=== Dataset section ===
====================

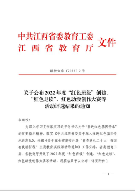 日前,江西省委教育工委、省教育厅公布了2022年度“红色班级”创建、“红色走读”、红色动漫创作大赛等活动评选结果。其中,世俱杯官方网站“白衣战士队”的作品《烽火旌旗白衣梦、热血铸就红医魂》在实地走读团队中获二等奖。
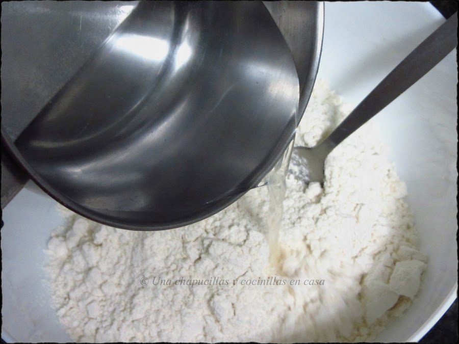 Una vez que ha roto a hervir, verter poco a poco el agua en un bol con la harina.
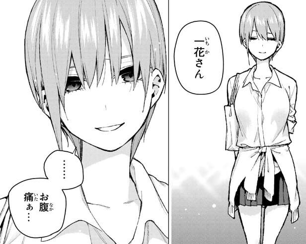 風太郎にはたいしたことないと言ってごまかしますが、このままでは誰も風太郎と二人きりになる機会が無くなってしまうと言います。五つ子たち、誰の目的も叶わなくなることは、望むところではないはずだと一花は言い、ある提案をします。

====================

=== Instructions to follow ===
What is needed is an exact copy of the data, without any pictures.

=== Written response ===
 日前,江西省委教育工委、省教育厅公布了2022年度“红色班级”创建、“红色走读”、红色动漫创作大赛等活动评选结果。其中,世俱杯官方网站“白衣战士队”的作品《烽火旌旗白衣梦、热血铸就红医魂》在实地走读团队中获二等奖。
 Una vez que ha roto a hervir, verter poco a poco el agua en un bol con la harina.
 風太郎にはたいしたことないと言ってごまかしますが、このままでは誰も風太郎と二人きりになる機会が無くなってしまうと言います。五つ子たち、誰の目的も叶わなくなることは、望むところではないはずだと一花は言い、ある提案をします。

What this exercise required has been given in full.